[Items from a dataset]
%%

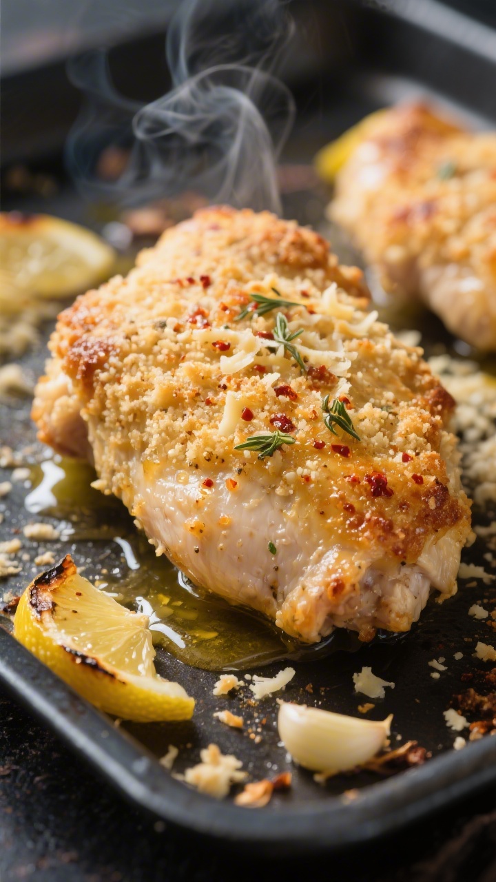 Knoblauch-Parmesan-Hähnchen aus dem Ofen ist ein unkompliziertes, aromatisches Gericht mit knuspriger Kruste und saftigem Inneren. Die Zutaten sind günstig, die Zubereitung schnell, und die Ergebnisse überzeugen jedes Mal. Mit ein paar einfachen Kniffen – trockentupfen, gut würzen, Panade fest andrücken – gelingt es garantiert.
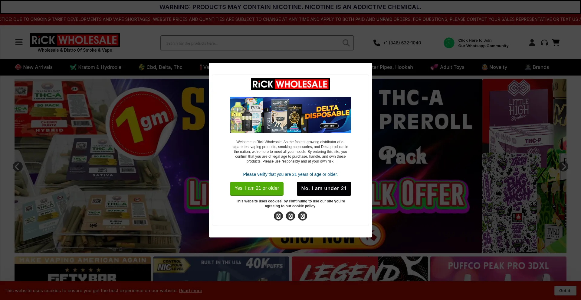 Rick Wholesale - Leading Distributor of Smoke, Vape, Delta 8, THCA, Kratom, Hydroxy 7OHM, Vape Disposables, E-Liquids, Vaporizers & More! Get the Best Wholesale Prices on Top-Qu...
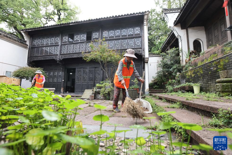 9月17日,环卫工人在浙江省湖州市德清县乾元镇清扫保洁。
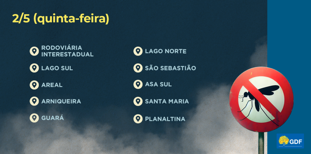 Recomendação da Vigilância Ambiental é que as pessoas abram portas e janelas das residências quando passar o veículo do inseticida de ultrabaixo volume (UBV), para maior eficácia do produto. As aplicações serão feitas das 4h às 6h e das 17h às 19h.
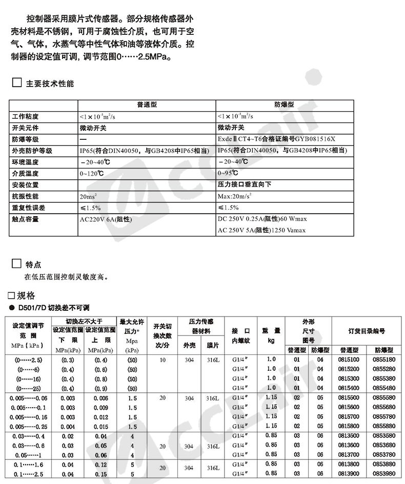 0855180,0853580,0855280,0853680,壓力控制器 防爆 D501/7D切換差不可調(diào)
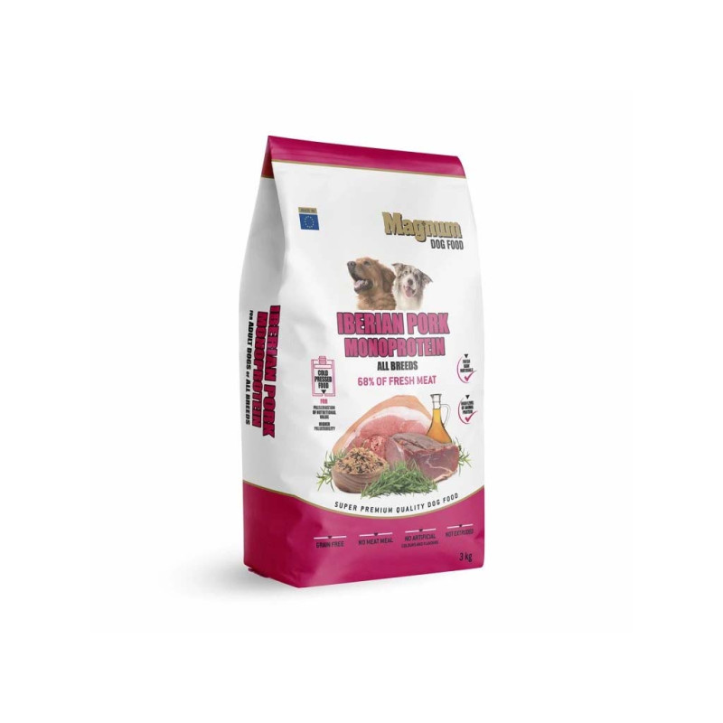 Krmivo Magnum Iberian Pork for All Breeds je vyrobeno bez masových mouček pouze z čerstvého Iberského vepřového masa, bez lepku a bez přidaných tuků. Důležitým faktorem je, že krmivo není extrudováno.

%%

__Your assignment__
Your answer must be every record above, word for word, with no pictures.

__Written solution__
 Knoblauch-Parmesan-Hähnchen aus dem Ofen ist ein unkompliziertes, aromatisches Gericht mit knuspriger Kruste und saftigem Inneren. Die Zutaten sind günstig, die Zubereitung schnell, und die Ergebnisse überzeugen jedes Mal. Mit ein paar einfachen Kniffen – trockentupfen, gut würzen, Panade fest andrücken – gelingt es garantiert.
 Rick Wholesale - Leading Distributor of Smoke, Vape, Delta 8, THCA, Kratom, Hydroxy 7OHM, Vape Disposables, E-Liquids, Vaporizers & More! Get the Best Wholesale Prices on Top-Qu...
 9月17日,环卫工人在浙江省湖州市德清县乾元镇清扫保洁。
 Recomendação da Vigilância Ambiental é que as pessoas abram portas e janelas das residências quando passar o veículo do inseticida de ultrabaixo volume (UBV), para maior eficácia do produto. As aplicações serão feitas das 4h às 6h e das 17h às 19h.
 0855180,0853580,0855280,0853680,壓力控制器 防爆 D501/7D切換差不可調(diào)
 Krmivo Magnum Iberian Pork for All Breeds je vyrobeno bez masových mouček pouze z čerstvého Iberského vepřového masa, bez lepku a bez přidaných tuků. Důležitým faktorem je, že krmivo není extrudováno.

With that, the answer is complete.